# New Signature



## Akoji (Nov 14, 2008)

Does it suck?


----------



## B-Blue (Nov 14, 2008)

wow! that is just plain awesome!! great work


----------



## OSW (Nov 14, 2008)

oh it's horribly awesome!


----------



## Killermech (Nov 14, 2008)

Has the 'comic book cover' feel which is pretty cool. Funky, or I really don't know what to call it, but I like 
	

	
	
		
		

		
		
	


	



Although the slime / text thing feels a bit cut off. Might look cool if you had the rest of the slime part and the text 'outside' of the sig border and the rest in the box like you have now.


----------



## Akoji (Nov 14, 2008)

Oh like in transprancy?
Could try that, but I think I would break the forum limit size where I want to put it If I do that.


----------



## Killermech (Nov 14, 2008)

Yea, something like this (Not as big on the splatter part though and keeping your text in the same location.)
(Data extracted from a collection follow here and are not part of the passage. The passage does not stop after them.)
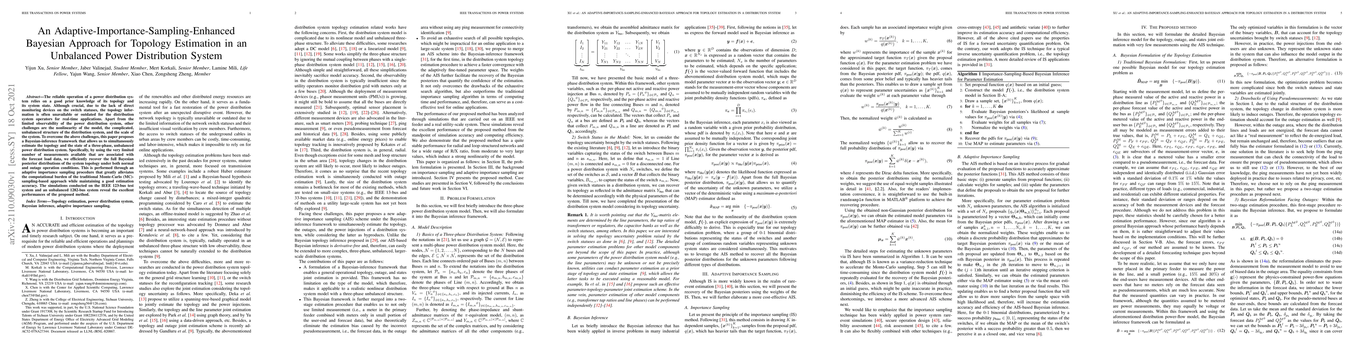 This paper proposes a Bayesian-inference framework with adaptive importance sampling to estimate the topology and state of a three-phase, unbalanced power distribution system, addressing challenges like nonlinearity and limited observability. The method efficiently recovers full Bayesian posterior distributions using limited measurements and forecast load data.
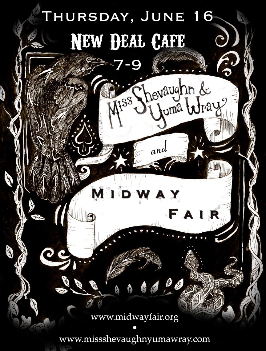 I’ve decided to do four really big shows this year, and we’ll largely take it easy otherwise. All four will have an original poster commissioned from a local artist. And we’re going to do something at each of the shows to show off some form of art—not just music. The birthday dinner is food, but maybe there will be another surprise. October will be literary arts, something near and dear to my English major heart. I have a kernel of an idea for winter, but I don’t want to put it out there until it’s grown into a mighty . . . um . . . stalk of corn.
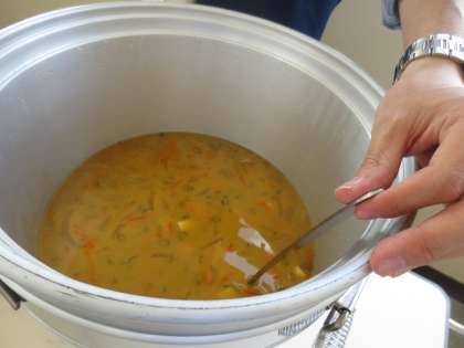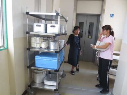 小学校の栄養教諭 松廣先生が、中学校の教頭先生から改善点等をきいています。また、給食の状況も見学しています。
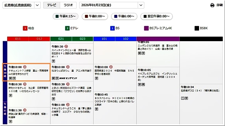 初回放送日 NHK総合テレビジョン1月23日(金)午後10:00
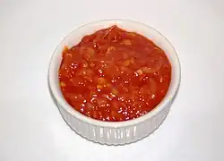 The accompanying sauce for the Dutch version is similar to other tomato-based sweet and sour sauces common in Cantonese cuisine.[8] Most recipes for this sauce include tomato puree, ketchup or fresh tomatoes, fresh or powdered ginger, water, vinegar, salt and a large amount of sugar. Recipes may also include onion, garlic, soy sauce, sambal, fresh chili peppers, sherry or rice wine, broth, MSG, and cornstarch for thickening.
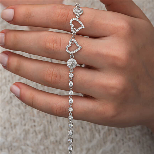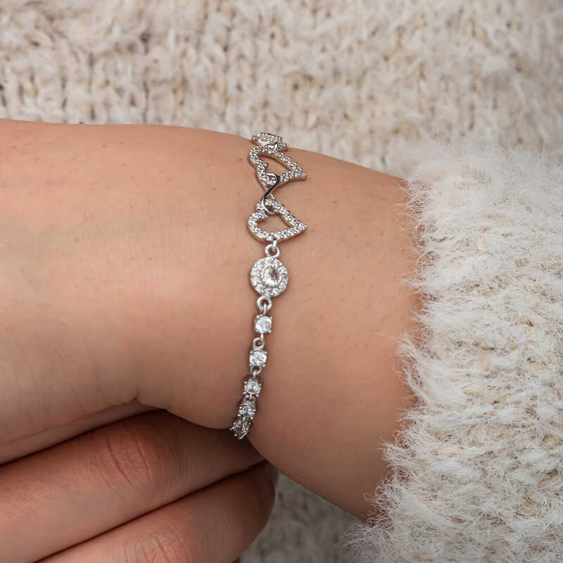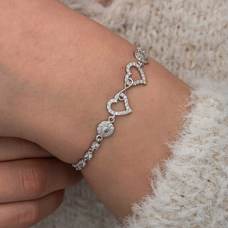 Silver Infinity Two Hearts Women's Bracelet The two heart figures represent a loving bond and the deep devotion of two people to each other. The infinity symbol emphasizes that this bond is not limited by time, but is eternal. With this specially designed silver bracelet that you will gift to your lover, you can express your eternal love and affection for him/her and give the message that you will be together forever. The infinity two heart bracelet that you can use on daily and special occasions is made of 925 sterling silver. Rhodium plated on silver. As with all silver bracelets, the silver infinity two heart women's bracelet model is also handmade. Due to silver and precious stones, there may be ± 10% deviation in the specified product weight. Width: 2.50 cm Length: 1.00 cm Bracelet Length: 21 cm Avg. Weight: 5.00 gr.
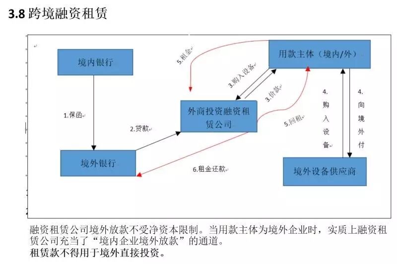 另外,值得注意的是,租赁公司作为境外放款的主体,不受净资本限制(或者我们理解为不受股东权益限制)。所以外商投资租赁公司操作境内企业境外放款可以突破前面提到的一些限制,包括一般的情况下境内企业境外放款额度不得超过净资产30%的规定,或自由贸易区特殊情况下的50%规定。

It should turn about the same size as your current one if saved as PNG-24 (Maybe a bit less).


----------



## Akoji (Nov 14, 2008)

Yeah I will try that later, I'm at work for the moment. (But I got photoshop at work so...)

test


----------



## Killermech (Nov 14, 2008)

Akoji said:
			
		

> Yeah I will try that later, I'm at work for the moment. (But I got photoshop at work so...)
> 
> test



Yea, but with alot less slime splatter


----------



## Akoji (Nov 14, 2008)

I know I would have to redo the splatter, I was just testing the PNG-24 thing.

BTW I would take a request or two.


----------



## War (Nov 14, 2008)

Hmm... it's definitely a start. It looks very simplistic though. Just a background, render, a random C4D, a splatter and text. I think you need to work on yur C4D placement... to me, that just looks like you stamped on a random C4D just to go with what's popular right now. (C4Ds eveywhere)

As for the text, I realize that it's modeled after the style of the game, but I think it's a bit too big. Not only does it stand out for not being properly blended, but it occupies about a third of the tag. 

Don't take my comments too seriously, I'm just a very harsh critic.


----------



## Akoji (Nov 14, 2008)

Well I find what you do quite good looking, and im kind of with you.
Yeah it's kind of simplistic. I didn't put a lot of time on it too.
I was thinking about erasing the C4D... I find that it doesn't really fit.
But atleast I made my background, it's the first smudge I did with my own brush, and im quite happy about the results.
But yeah I like big Typo... but yeah you are right about that too, too big, takes too much of signature.
I don't think I will ever be good enough to put on things like you do.
Well your Megaman Signature is quite awesome.


----------



## War (Nov 15, 2008)

Trust me, with enough practice, anything is possible. My Photoshop skills are mediocre at best because I don't practice as often as I should, so you could definitely catch up to me. Just keep trying out different tutorials and skills!


----------